Historic town, Clonmines, Co. Wexford
Co. Wexford |
Urban Centers
At the head of Bannow Bay in County Wexford, the ruins of Clonmines occupy roughly 20 acres of quietly accumulating history, a medieval town that sent members to the Irish Parliament until 1800 and was already described as deserted by 1684.
That combination, a borough still functioning on paper long after its population had gone, gives the place its peculiar character. It was never walled, or at least no walls have been confirmed, though a possible fosse, a defensive ditch, hints at some attempt at fortification. What survives above ground is a cluster of roofless but substantial monuments standing in fields that remain in strictly private ownership.
Clonmines was founded by the Marshals, the great Anglo-Norman lords of Leinster, possibly as a sheltered alternative to their port of New Ross for ships unwilling to round Hook Head in bad weather. It was in existence by 1233, when a road to Wexford is mentioned, and in 1247 it passed to the Mortimer fief of Kildare as part of the division of the Leinster lordship, perhaps with the intention of serving that territory as a port. No founding charter is known. The Augustinian friary, suppressed in 1540, still had 11 named tenants in the town at the time of its closure. When the friary lost its function, the nearby silver mines at Barrystown, about 800 metres across the estuary, may have given the town a second life into the 17th century. Ultimately, though, what ended Clonmines was geography rather than violence: the gradual silting of the mouth of Bannow Bay cut off its overseas trade, and by the time Robert Leigh wrote about it in 1684 the town was empty. The Civil Survey of 1654 to 1656 had still recorded 15 proprietors in the parish, so the decline was relatively swift.

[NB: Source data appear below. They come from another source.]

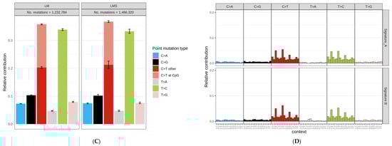 Using this SNV information, we compared the mutational spectrum for the LM and LMS tumors through the relative contribution of six base substitution types (Figure 1C), which were then decomposed into two distinct mutational signatures (Figure 1D).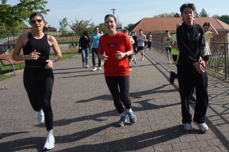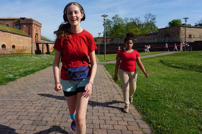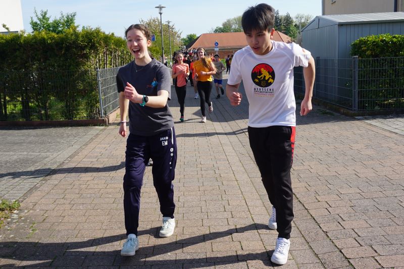 Das Ziel, soziales Engagement und sportliche Aktivität miteinander zu verbinden und das Zusammengehörigkeitsgefühl der Schulgemeinschaft zu stärken, wurde erreicht: Voller Motivation und Tatendrang starteten die Schülerinnen und Schüler der Unter-, Mittel- und Oberstufe vom Pausenhof aus auf die zwei Kilometer lange Strecke durch den Park „Fronte Lamotte“, am Busbahnhof vorbei, um die Stadthalle herum, an der Eduard-Orth-Grundschule entlang und schließlich wieder zurück zum Haupteingang des Gymnasiums.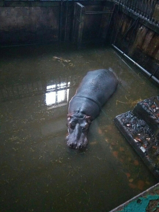 Грязный вольер для бегемота тоже не выходит за рамки нормы, продолжили сотрудники министерства культуры региона. По их словам, воду ему меняют регулярно, но животное, следуя законам дикой природы, туда регулярно испражняется.
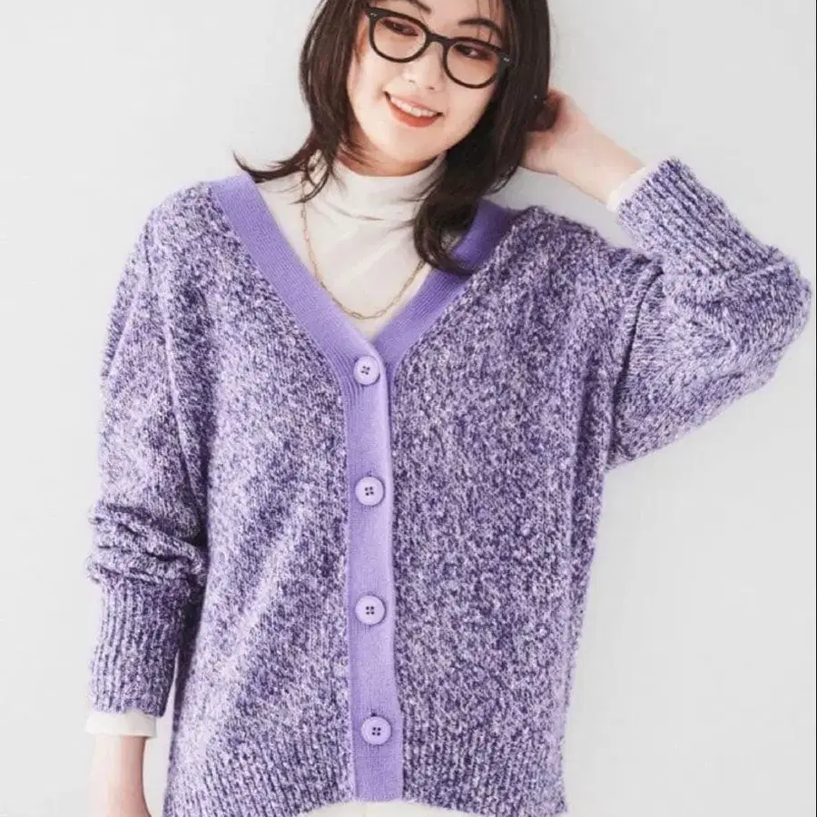 서로 다른 모양의 실을 믹스한 불규칙한 杢조의 느낌이 표정을 살린 짜임의 박스 V넥 가디건.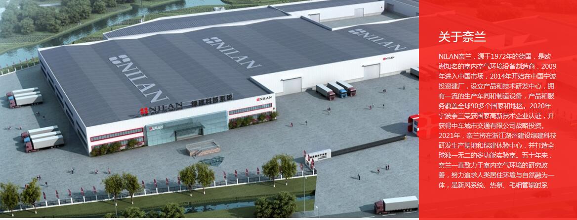 寧波奈蘭環(huán)境系統(tǒng)有限公司(NILAN)源于1972年的德國,是歐洲知名的室內(nèi)空氣環(huán)境設(shè)備制造商,2009年進(jìn)入中國市場,2014年開始在中國寧波投資建廠,設(shè)立產(chǎn)品和技術(shù)研發(fā)中心,擁有一流的生產(chǎn)車間和制造設(shè)備,產(chǎn)品和服務(wù)覆蓋全球90多個國家和地區(qū)。2020年寧波奈蘭榮獲國家高新技術(shù)企業(yè)認(rèn)證,并獲得中車城市交通有限公司戰(zhàn)略投資。2021年,奈蘭將在浙江湖州建設(shè)綠建科技研發(fā)生產(chǎn)基地和綠建體驗中心,并打造全球獨一無二的多功能實驗室。五十年來,奈蘭一直致力于室內(nèi)空氣環(huán)境的研究改善,努力追求人類居住環(huán)境與自然融為一體,是新風(fēng)系統(tǒng)、熱泵、毛細(xì)管輻射系統(tǒng)、被動房配套技術(shù)等產(chǎn)品服務(wù)的優(yōu)質(zhì)品牌廠家,同時在健康綠色住宅領(lǐng)域有著深厚沉淀,奈蘭健康住宅七度空間一體化解決方案,即“THONFIE”毛細(xì)七恒系統(tǒng),在國內(nèi)外民、商、政等各領(lǐng)域有著豐富的項目案例應(yīng)用實踐經(jīng)驗,深受行業(yè)認(rèn)可和用戶喜愛——奈蘭,讓家融于自然!

The surviving monuments include the parish church of St Nicholas, an Augustinian friary with its enclosure, two tower houses attributed respectively to the Sutton and FitzHenry families, a structure known locally as the Cowboy's Church which appears to have been a fortified church, and a standing gable from a 16th or 17th century house associated with the Purcells. There is also a trace of a roadway running south-west from the town. Because the site is in private ownership, access is not straightforward, but the ruins are visible and the layering of ecclesiastical, defensive, and domestic buildings within a single abandoned settlement makes Clonmines one of the more complete ghost towns of medieval Ireland.